5 200 communes, dix départements, trois régions : ce sont des chiffres-clés de l'Alsace-Champagne-Ardenne-Lorraine (ACAL), nouvelle région administrative créée fin 2014.
Les élections qui ont déterminé la composition du nouveau conseil régional ont été l'occasion de tenter de la cartographie très ambitieuse chez Rue89 Strasbourg.

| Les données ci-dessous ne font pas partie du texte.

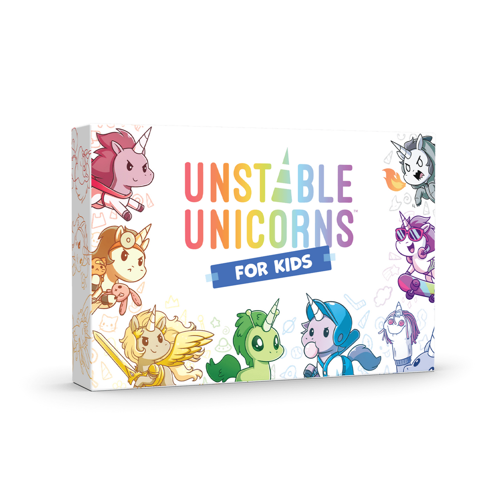Unstable Unicorns for Kids features eight Colorful Unicorn card themes, including Hero, Animal, Princess, Space, Sports, Goofy, Rainbow, and Fantasy. With cards like Sock Puppet Unicorn, Astronaut Unicorn, and Mermaid Princess Unicorn, the game has a unique unicorn (a uniquecorn, if you will) for everyone!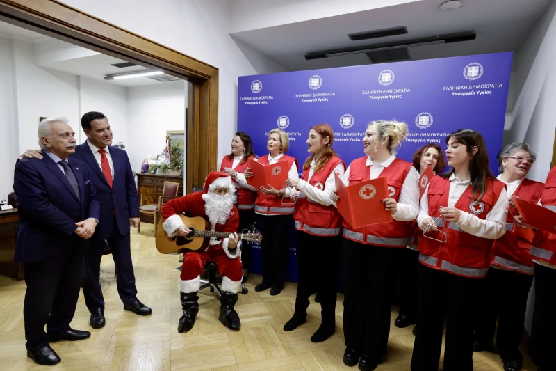 Χριστουγεννιάτικα κάλαντα από εθελοντές του Ελληνικού Ερυθρού Σταυρού στον Υπουργό Υγείας Άδωνι Γεωργιάδη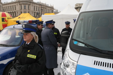 Policjanci w głównym punkcie zbiórki na Placu Litewskim zorganizowali dla mieszkańców miasta pokaz wykorzystywanego w codziennej służbie sprzętu.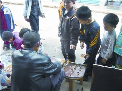 昨日12時20分,正是學校放學的時候,記者現(xiàn)場看到,門口一家文具店里赫然擺著抽獎機。許多孩子圍在一起,他們買來卡片按卡面印刷的獎品現(xiàn)開現(xiàn)兌。校門口左邊,還有一個老人擺著彈珠子的小賭博機;右邊,一個婦女擺抽獎攤,同樣吸引了不少學生(見圖)。
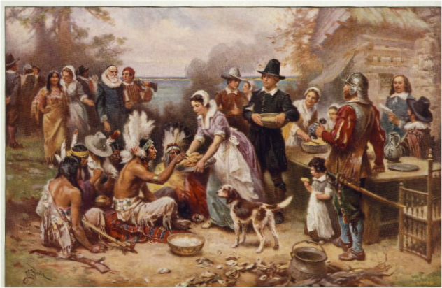 Jean Leon Gerome Ferris "The First Thanksgiving, 1621" from 1912. Coastal natives didn't wear feather headdresses but science gets pushed out of the way a lot when it comes to Thanksgiving, that is why cranberries can be blamed for the modern chemophobia that infects anto-science progressives and enables predatorts suing over everything, while organic food is believed to be healthier but actually leads to higher toxic chemical levels in people.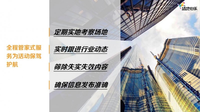 场地伯乐及时的响应:在线下单20分钟内完成首次沟通,4小时内提供首次场地推荐报告 ( 单一城市3-5个场地),客户提出修改建议后两个工作日内完成方案的调整并安排场地实地勘查。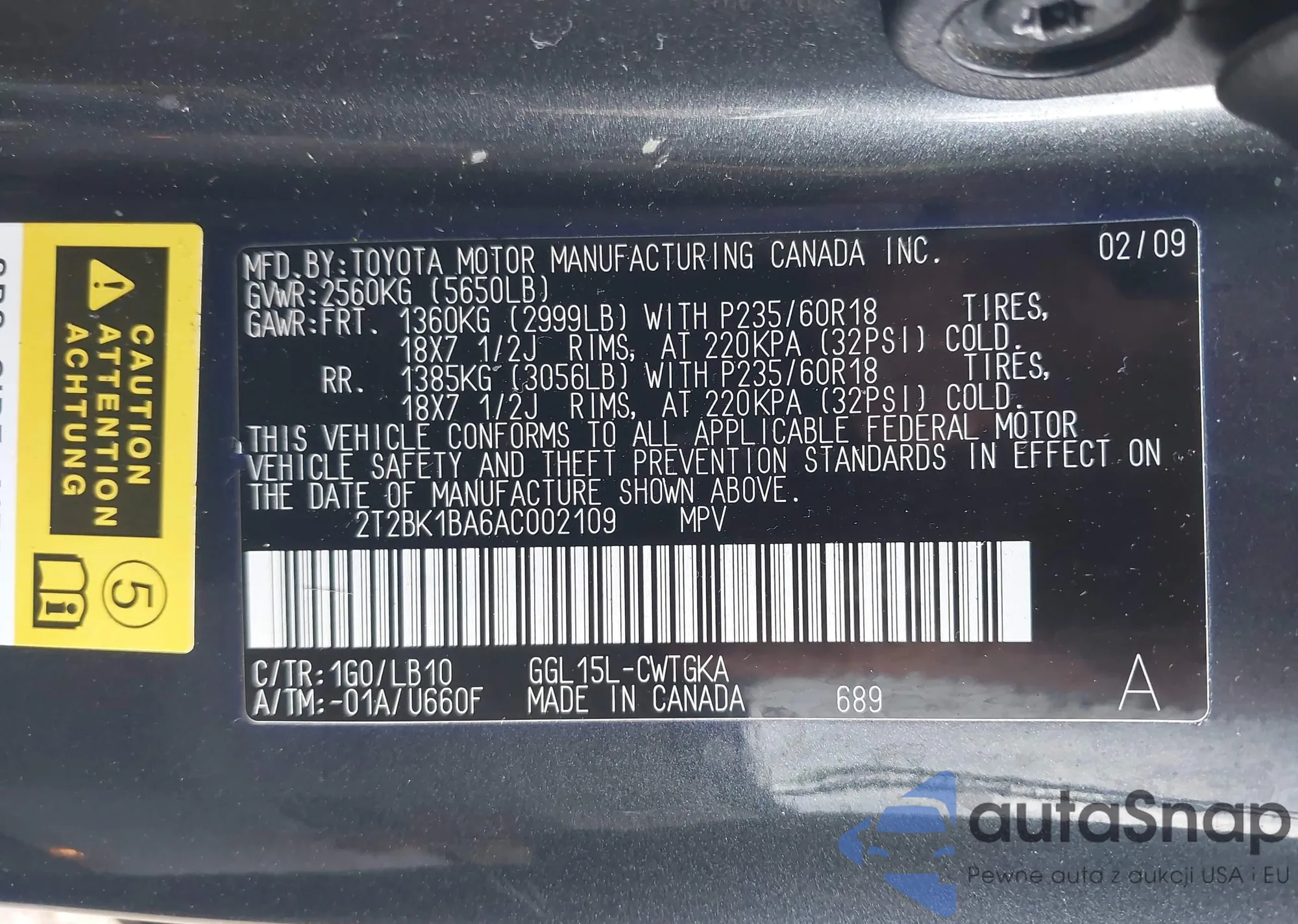 VIN: 2T2BK1BA6AC002109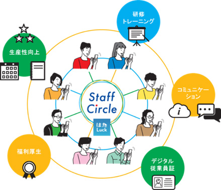 働きやすい環境と豊かなコミュニティを創出する取り組み「三井ショッピングパークStaff Circle(スタッフサークル)の一環として、働きやすさを実現する機能を集約したアプリ「はたLuck」を、全国のららぽーとなどに続き本施設でも導入します。

Je vais tenter un résumé le plus exhaustif possible des différentes étapes de ce boulot.
Le bon exemple du Huffington Post
La principale source d'inspiration de ces cartes est ce très bel exemple d'analyse électorale proposée par le Huffington Post, et codée avec |la fameuse librairie D3js.
L'application du Huffington repose sur le principe d'un entonnoir : on propose à l'internaute deux niveaux de lecture, avec d'un côté le vote des 300 communes du Massachussets, et de l'autre les 14 comtés de cet Etat.
Les résultats des plus grands territoires apparaissent comme une synthèse des communes qui les composent, un peu comme si on les avait lâchés dans un entonnoir.
On observe des bastions démocrates et républicains bien délimités au niveau communal, ce qui se ressent sur les résultats cantonaux.
A l'échelle de l'ACAL, on passait à un niveau bien plus costaud, avec près de 5 200 villes à cartographier. L'échelle départementale d'à peine dix unités me paraissait trop faible, tandis que l'échelle cantonale, plus proche de l'application du Huffington, ne me paraissait pas la plus compréhensible.
Bref, trois niveaux commençaient à émerger pour les futures élections régionales : les communes, les départements, et les régions.
A ce stade, il était temps de se pencher sur la faisabilité technique de la chose.
Un squelette solide avant de démarrer les festivités
En furetant un peu, je suis tombé sur ce gabarit avec code source directement inspiré de la carte du Huffington. Ca m'a suffi pour commencer les tests avec mes propres fichiers géographiques, soigneusement préparés sur le logiciel QGis.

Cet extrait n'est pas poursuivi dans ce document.